High performance C++ implementation of Compressed Probabilistic Counting (CPC) Sketch. This is a unique-counting sketch that implements the Compressed Probabilistic Counting (CPC, a.k.a FM85) algorithms developed by Kevin Lang in his paper Back to the Future: an Even More Nearly Optimal Cardinality Estimation Algorithm. This sketch is extremely space-efficient when serialized. In an apples-to-apples empirical comparison against compressed HyperLogLog sketches, this new algorithm simultaneously wins on the two dimensions of the space/accuracy tradeoff and produces sketches that are smaller than the entropy of HLL, so no possible implementation of compressed HLL can match its space efficiency for a given accuracy. As described in the paper this sketch implements a newly developed ICON estimator algorithm that survives unioning operations, another well-known estimator, the Historical Inverse Probability (HIP) estimator does not. The update speed performance of this sketch is quite fast and is comparable to the speed of HLL. The unioning (merging) capability of this sketch also allows for merging of sketches with different configurations of K. For additional security this sketch can be configured with a user-specified hash seed.
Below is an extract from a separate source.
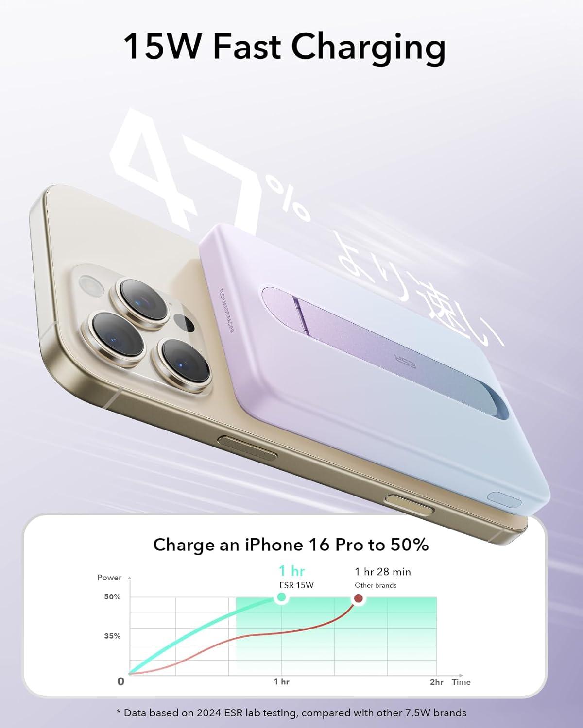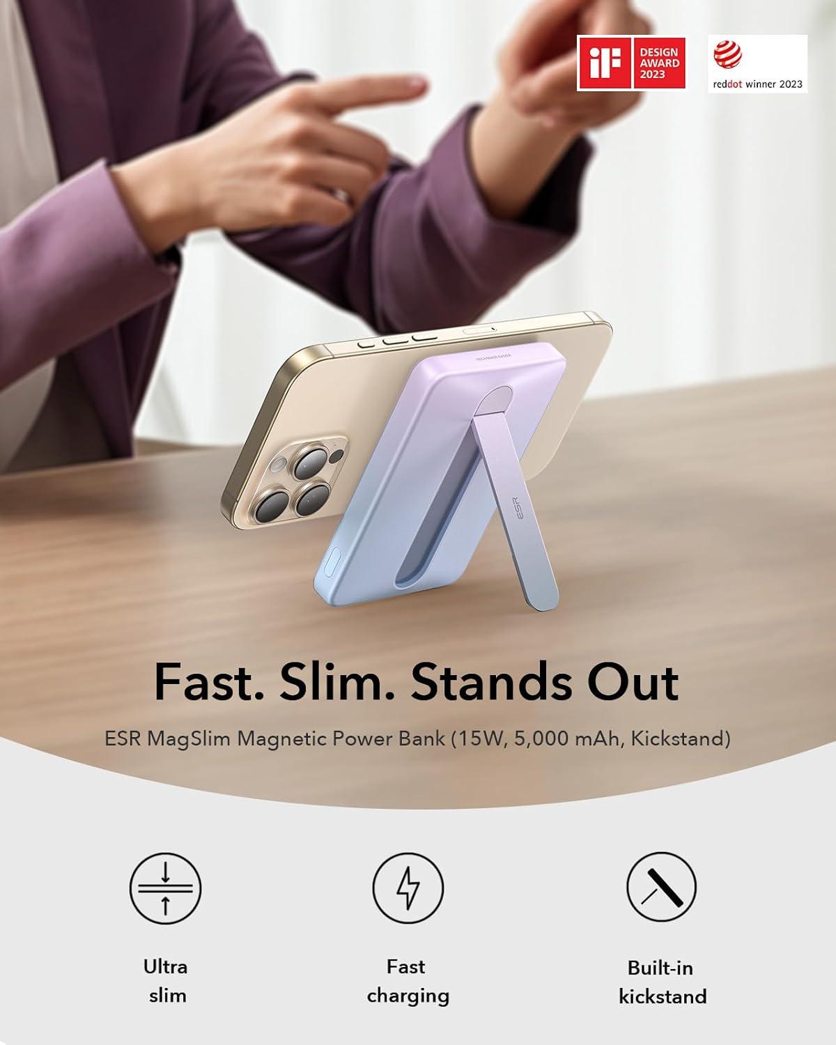 ESR for MagSafe Power Bank, Kickstand 5,000mAh MagSafe Portable Charger 0.6 in,15W Ultra-Fast Battery Pack, 20W USB-C MagSlim Charger with Cable for iPhone 17/16/15/14/13/12, Sky Blue(15W Stand 5000mAh-Pastel)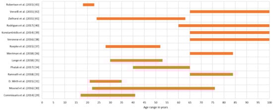 Figure 8 shows the distribution of studies according to the age of the validation cohorts. Six studies [,,,,,] (42.86%) were focused on elder people. Four studies [,,,] (28.57%) focused on middle-aged adults, and two studies [,] (14.29%) were focused on young participants. The study by Pavel et al. [] does not report the age group of its participants. The study by Mourad et al. [] and the study by Zielhorst et al. [] included a wide range of ages, but the latter excluded individuals older than 63 years.

class cpc_sketch(*args, **kwargs)

Static Methods:

deserialize(bytes: bytes) _datasketches.cpc_sketch

Reads a bytes object and returns the corresponding cpc_sketch

Non-static Methods:

__init__(self, lg_k: int = 11, seed: int = 9001) None

Creates a new CPC sketch

Parameters:
  • lg_k (int, optional) – base 2 logarithm of the number of bins in the sketch

  • seed (int, optional) – seed value for the hash function

get_estimate

Estimate of the distinct count of the input stream

get_lower_bound

Returns an approximate lower bound on the estimate for kappa values in {1, 2, 3}, roughly corresponding to standard deviations

get_upper_bound

Returns an approximate upper bound on the estimate for kappa values in {1, 2, 3}, roughly corresponding to standard deviations

is_empty

Returns True if the sketch is empty, otherwise False

property lg_k

Configured lg_k of this sketch

serialize

Serializes the sketch into a bytes object

to_string

Produces a string summary of the sketch

update

Overloaded function.

  1. update(self, datum: int) -> None

Updates the sketch with the given 64-bit integer value

  1. update(self, datum: float) -> None

Updates the sketch with the given 64-bit floating point

  1. update(self, datum: str) -> None

Updates the sketch with the given string

class cpc_union(*args, **kwargs)
__init__(self, lg_k: int, seed: int = 9001) None
get_result

Returns a CPC sketch with the result of the union

update

Updates the union with the provided CPC sketch